É evidente a lacuna de punibilidade e a necessidade de tutelar a vida do animal de companhia


perante e contra o seu próprio dono. Mas a necessidade não se confunde nem substitui a
legalidade/tipicidade do comportamento.

II
Adalberto comete o crime de abandono da sua cobra de estimação em Itália: foi aí que se
verificou tanto a acção de abandonar como o resultado de perigo concreto exigido pelo art.
388º (art. 7º/1 CP).
Verdade que o abandono pode configurar-se como um crime de consumação permanente. O
agente continua a abandonar o animal de companhia de que devia tratar, colocando em perigo
a sua alimentação e a prestação de cuidados que lhe são devidos, enquanto persistir na omissão
de cuidados. Porém, só pode falar-se de uma omissão de cuidados devidos, enquanto o garante
tiver acesso ao animal de companhia, podendo assim cumprir o dever que sobre ele recai.
O que, no caso em análise, deixa de suceder quando Adalberto inicia o regresso a Portugal.
Logo não há dúvida de que o crime foi totalmente praticado em Itália.

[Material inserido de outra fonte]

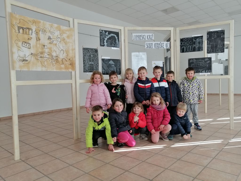 Vse vtise in predano znanje smo tudi likovno upodobili. S pomočjo črnega tuša in bele voščenke smo ustvarili čudovite podobe Vipavskega Križa, ki smo jih širši javnosti predstavili na razstavi z naslovom 'Vipavski Križ skozi otroške oči'. Izdelki so bili na ogled v Domu krajanov. Izdelali smo tudi čisto svoj zemljevid ter spesnili pesmico v čast Vipavskemu Križu.

Itália pede a Portugal entrega de Adalberto para o julgar pelo crime de abandono de animais.
Como se trata de dois Estados-Membros da UE, este pedido deve ser apreciado ao abrigo do
art. 33º/5 CRP e da Lei n.º 65/2003 (MDE).
Apesar de se verificar o requisito da dupla incriminação (art. 2º/3 Lei n.º 65/2003), a Itália não
poderia emitir o MDE porque, para o crime em causa (punido nos mesmos termos em Portugal
e Itália), esse país comina uma pena de prisão inferior a 12 meses (art. 2º/1).
Mesmo que fosse admissível a emissão do MDE pela Itália, Portugal poderia sempre
condicionar a entrega de Adalberto nos termos do art. 13º/1 b), já que Adalberto é cidadão
português.

Coloca-se a questão de saber se, recusando a entrega, Portugal poderá julgar Adalberto ao
abrigo do critério da nacionalidade activa [art. 5º/1 e) CP].
Admite-se duas respostas diferentes.
Uma (que parece ser a mais correcta ante o princípio da estrita necessidade da pena, das
finalidades de prevenção geral positiva que se fazem sentir sobretudo no país da prática do
facto, e da subsidiariedade da jurisdição penal portuguesa quanto a factos praticados no
estrangeiro) no sentido de negar a competência extraterritorial dos tribunais portugueses neste
caso, porque, não sendo possível a emissão de MDE pela diminuta gravidade do crime, tudo se
passa como se este crime não admitisse sequer “extradição”, para usar a linguagem da condição
iii) do art. 5º/1 e) CP.
De facto, a fixação de um limite mínimo de pena privativa da liberdade visa impedir a
cooperação judiciária internacional em matéria penal nos casos de infracções de diminuta
gravidade.

Outra solução, no sentido de afirmar essa competência, ao abrigo do art. 5.º/1 e) CP,
entendendo-se que a referência a crime que admita extradição tem em vista apenas as hipóteses
de recusa de extradição em razão da natureza da infracção (art. 7º Lei n. 144/99, que é Direito
subsidiário relativamente à cooperação entre Estados-Membros da UE, por força do seu art.
3º/1), ou seja, os crimes políticos ou os crimes exclusivamente militares.
Não sendo esse o caso do crime de abandono de animais de companhia, Portugal poderia então
julgar Adalberto nos termos do art. 5º/1 e), cujas 3 condições cumulativas se verificam.